I like that idea, I gotta get some lead eyes first. I'm gonna tie it weed less as well because we have alot of grass where I fish. Preciate your input.


----------



## iFly (Mar 9, 2010)

> I like that idea, I gotta get some lead eyes first. I'm gonna tie it weed less as well because *we have alot of grass where I fish*. Preciate your input.


That is a problem everywhere. Most of my flies have weed guards of some sort.
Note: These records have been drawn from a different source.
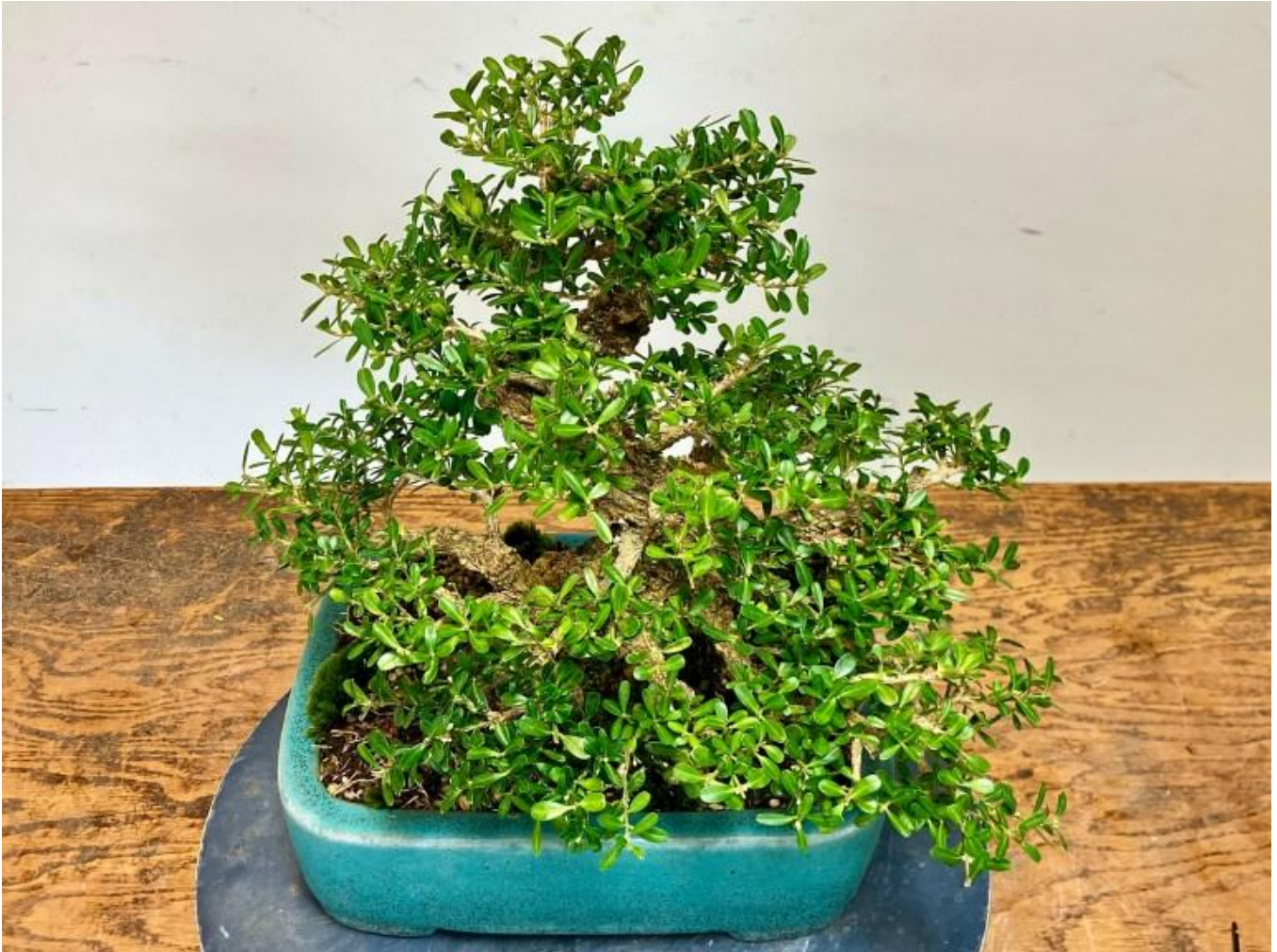
View from the top rear.
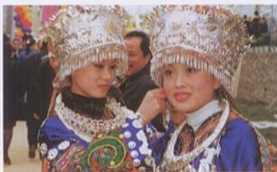
Miao girls in their holiday best

in the seventh lunar month every year, all the ethnic minority people float lanterns (paper boats with lit candles) on the Ziyang River. When floating lanterns on the river, the people on both banks sing folk songs to recall the past events, express feelings, tell stories or give comments. It is the river-lantern festival. During the festival, the county seat is crowded with people in various ethnic clothes from far and near. They perform dragon and lion dances, play local operas, do shopping, sell mountain products, sing songs and look for lovers, enjoying themselves to their hearts content. The people in Ziyuan County have celebrated the River-lantern Festival for nearly 400 years. In recent years, the festival has attracted a large number of domestic and foreign tourists.
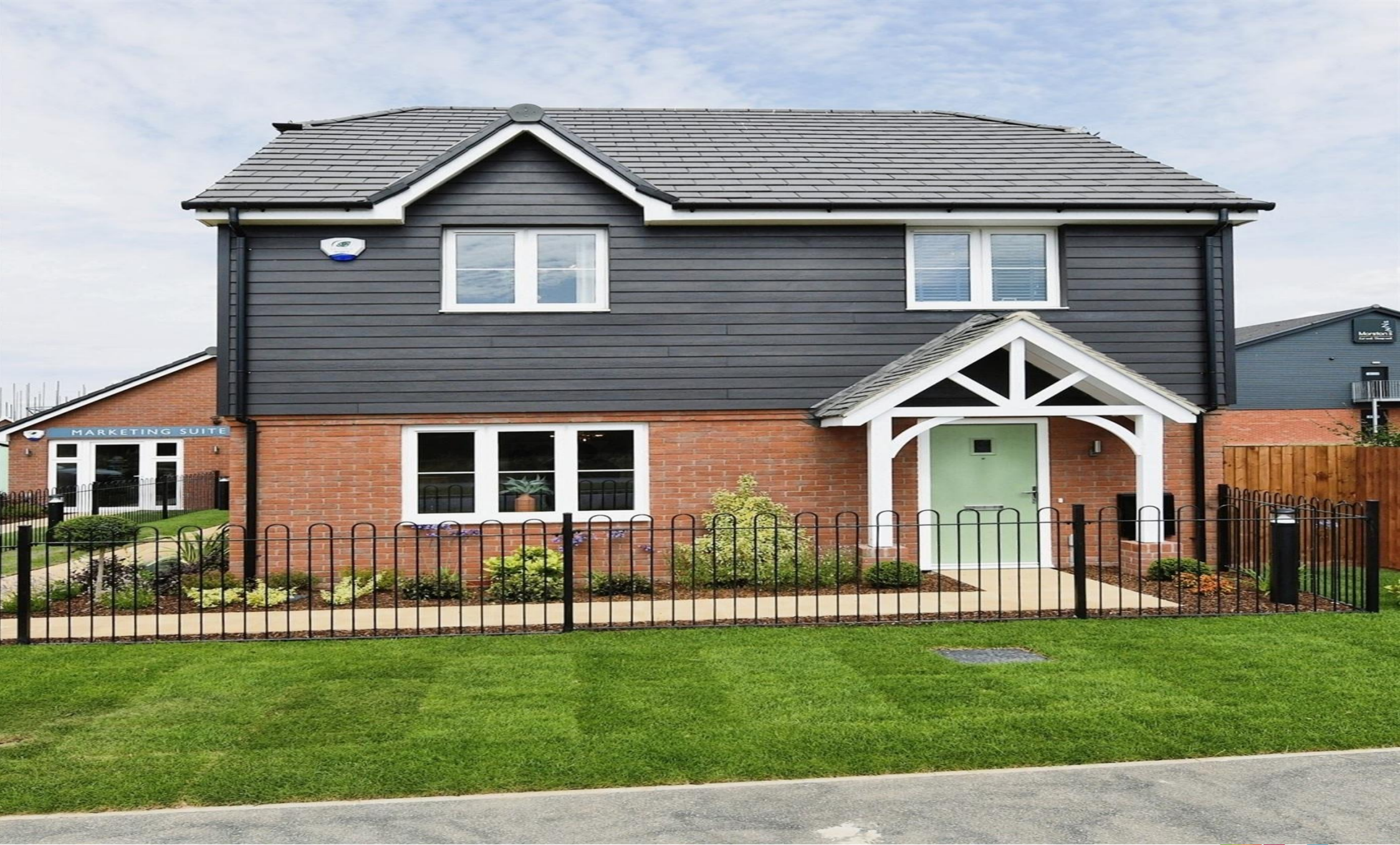
The Colne Meadow Gardens, Hartley Brook Road Clacton-On-Sea CO16 9GA
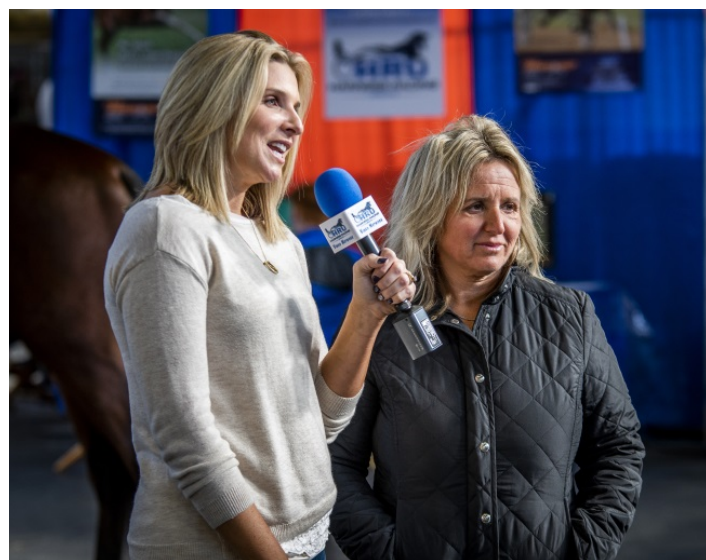
Triscari Video Web and Marketing

For your second tie, flip the colors. Traditionally the darker color goes on second, on a Clouser. The back of most bait is darker. But, with bead chain, I don't know if that fly fishes hook up or hook down?


----------



## jerm (Sep 12, 2010)

Pretty sure hook down. I think with the heavier lead eyes it might sit hook up. I'm gonna make one more and take her to the lagoon and see what happens! Thanks.


----------



## jerm (Sep 12, 2010)

Now that I think you are probably right. I need to flip the colors, because it does float hook up. Good catch.


----------



## Yoreese (Oct 15, 2009)

Clouser should ride hook point up you just go from bead chain to lead eyes to make the fly sink faster in deeper water. For the Lagoon bead chain is fine unless your fishing some deep drop-offs. Might try white on the belly and chartreuse or pink for the other color.


----------



## paint it black (Nov 3, 2007)

Looks a lot better than my third fly....lol

I personally like using ep fibers for clousers rather than buck tail. It swims nicer, and is more comfortable to tie. at least for me...lol

Although I've caught plenty bones on a buck tail fly that's supposed to be a gotch. but it's pretty much a tiny clouser that I call "Gotcha, Bitch!" since it's all magenta...lol


----------



## hawaiifly (May 28, 2011)

I just started tying flies too. Here's a few Bonefish flies that I tied. Got the idea from this video. http://www.youtube.com/watch?v=C-hqBB5PhkU


----------



## iFly (Mar 9, 2010)

> I just started tying flies too. Here's a few Bonefish flies that I tied...


skinntreds should be able to tie that one up too, for catching some reds (and bones, of course). Especially with the help of the video. He could use the size 4 hook or even move up to size 1 or 1/0.

Good looking ties, Hawaii Fly.


----------



## notinponce (Oct 24, 2011)

nice fly. sparse is always better with the clouser.


----------



## jsnipes (May 1, 2011)

> Looks a lot better than my third fly....lol
> 
> I personally like using ep fibers for clousers rather than buck tail. It swims nicer, and is more comfortable to tie. at least for me...lol
> 
> Although I've caught plenty bones on a buck tail fly that's supposed to be a gotch. but it's pretty much a tiny clouser that I call "Gotcha, Bitch!" since it's all magenta...lol


problem i find w/ the ep fibers is if u tie anything longer than say like 3 inches that material fouls really easily. it is for sure easier to work with on the vise than bucktail though.


----------



## jerm (Sep 12, 2010)

Really appreciate the input everyone. I am going to tie more and post them. I am gonna try the one in the video too. Nice flies Hawaii


----------



## metalchevy (Aug 18, 2011)

nice looking fly. What size hook and how is the water clarity now. Fished out of titusville while you were tying fly and from River Breeze to whales tail, visibility 6inches.


----------